An almost imperceptible difference between contemporary versions of the Advent Collect and its original comes very near the beginning. It may just be a difference in emphasis, but it's one I've needed to sit with these past four Sundays. Contemporary versions read like this: "give us grace that *we may...put on* the armour of light." God gives grace, but we're the ones putting on the armour. This reading has passed into the customary public prayer of the original: our inflection and emphasis still sounds like we're the subject of the action, that the mood is the same subjunctive as the first request, "that we may cast away the works of darkness."

But look further. The original reads "...,and put *upon us* the armour of light." The key here is when: "in the time of this mortal life, in which thy Son Jesus Christ came to visit us in great humility." We aren't the active agent here: the mood isn't the subjunctive of "that we may cast away," but the same supplicatory imperative of "give us grace." The prayer really reads, "Almighty God,...put upon us the armour of light." Tonight we remember when Almighty God fully put upon us His light, by visiting us in the great humility and helplessness of the manger, of this frail, mortal flesh that we all share.

But this isn't a prayer for Christmas: it's the Collect to be prayed every day from Advent Sunday *until* tonight. It is therefore the prayer of waiting, the prayer of longing, the prayer that names our inability to make our own light, to make our own just judgments, to raise ourselves from the dead. Even if this waiting is active, whatever that activity looks like for you, it is still waiting. Waiting for the Advent of someone beyond ourselves, beyond our control, beyond our grasp or even expectations of time.

I've needed to sit with this emphasis  of "put upon us" instead of "that we may put on" because the last few months have been a time of great *passivity* for me. And with all that internalized and socialized pressure to be active, to "make life happen," this passivity has been a time of suffering, lament, loss, disorientation, confusion, anxiety, fear, and, to be fair, a bit of self-indulgence. Amidst all the claims of what "could have been" or what I might think "should have been," it's often hard to see what *is,* now, in "the time of *this* mortal life." Because we hitch our identities and hopes on what "will be," or "might be," in some imagined future. But by that imagined future I don't mean the very real future of "the last day," but the dream of stable career, family, or whatever might be just over that next horizon.
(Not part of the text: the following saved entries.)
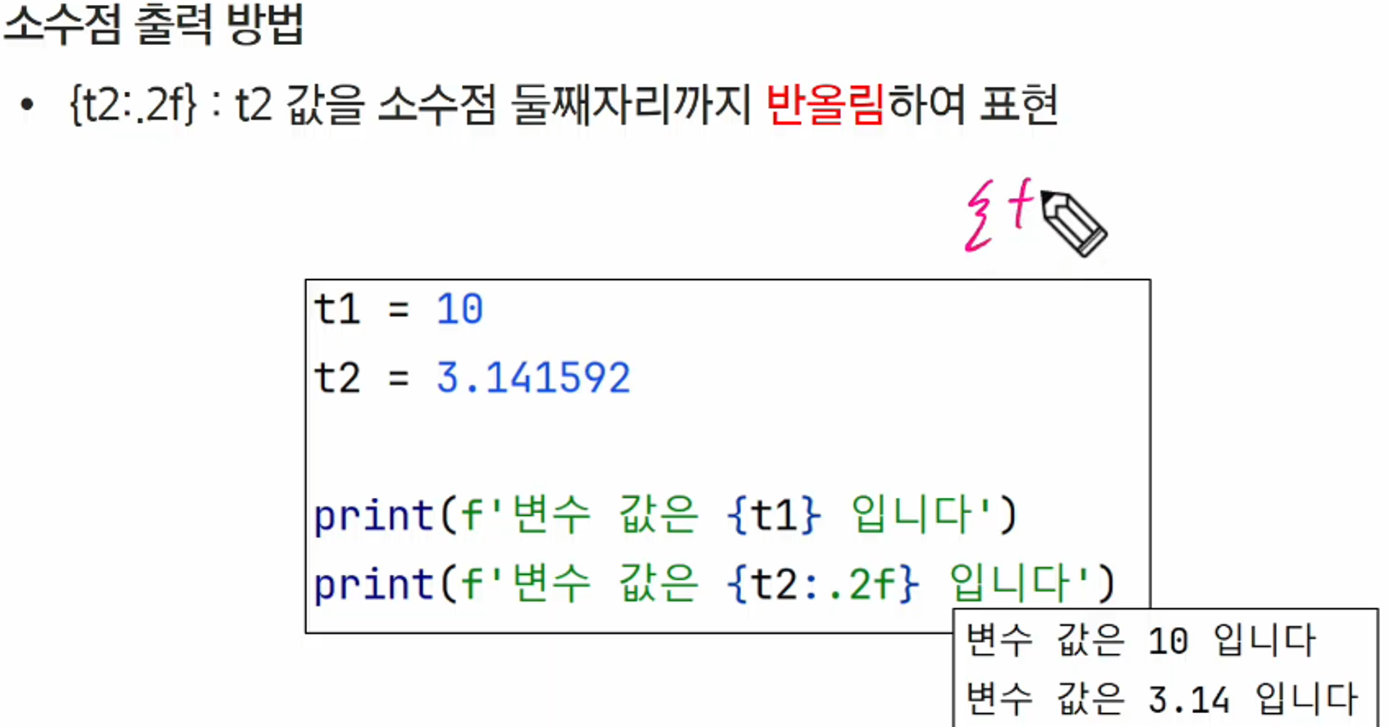t1 = 10 t2 = 3.141592 print(f'변수 값은 {t1}이다') # t2 값을 소수점 둘째자리까지 반올림하여 표현 print(f'변수 값은 {t2:.2f}이다') # 3.14
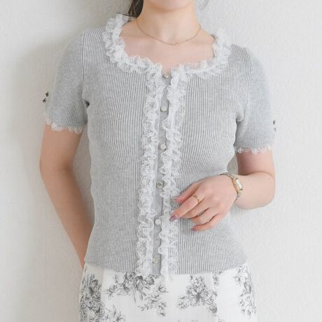 レースフリルトリミングが華やかな印象を与える半袖ニット。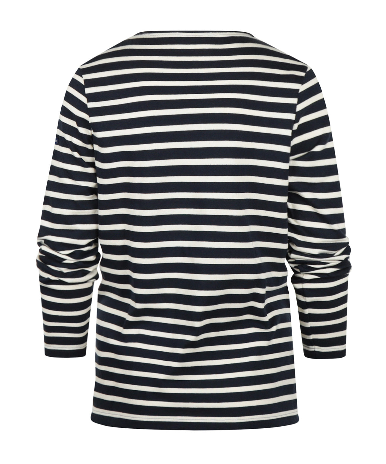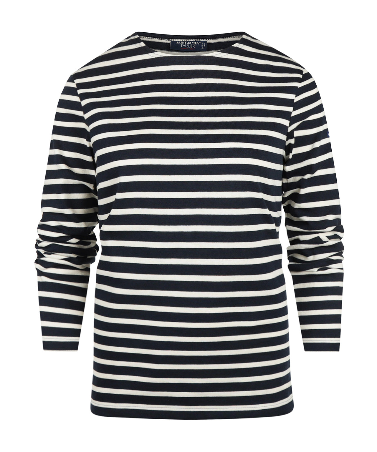 De Saint James Meridame II is een tijdloos Bretons dames-trui met lange mouwen, gemaakt van authentiek gekaard katoen. Dit model biedt een eigentijdse interpretatie van de klassieke marinestreep, met een rechte snit en een iets wijder uitgesneden halslijn voor extra draagcomfort. De zware jersey zorgt voor een stevige, maar ademende pasvorm, perfect voor dagelijks gebruik. Met een lengte van 62,5 cm is dit veelzijdige shirt eenvoudig te combineren voor elke gelegenheid. De Meridame is de vrouwelijke variant van de Méridien Moderne. De maattabel is de Franse maattabel. Voorbeeld: maat 38 Frans = 36 NL/E/D = XS Int.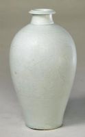 瓶小口出边,溜肩,肩下渐收,内圈足。通体施青白釉,腹部刻缠枝花卉。此梅瓶造型比宋代较为典型的修长形梅瓶略显粗短。所刻花纹在匀净的青白釉面上若隐若现,青白相映,素雅恬静。景德镇窑青白釉瓷器胎质洁白,声音清脆,因此有专家认为传说中对“柴窑”的品评,所谓“青如天,明如镜,薄如纸,声如磬”,很可能是指这种青白釉而言。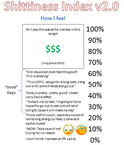 By mid-summer, I decided to retired version 1 of the shittiness index. I realized that I wanted to focus on the positive. So I gave people a guide of how I was feeling.

That imagined future of our own making pales, wanes, is merely a shadow of the very real future of the Last Day, of Christ's Glorious Majesty come "to judge both the quick and the dead," come to raise us "to the life immortal." When all those things we built don't really matter so much (they matter, especially if they're built for others, but that's not my emphasis right now). What will matter most is if Almighty God puts upon us the armour of light; which He has, by putting upon Himself our mortal life, our great helplessness, passivity, and humility. This isn't simply what might be or could be. This is what is.

Come, Lord Jesus, and raise us to life immortal. Amen.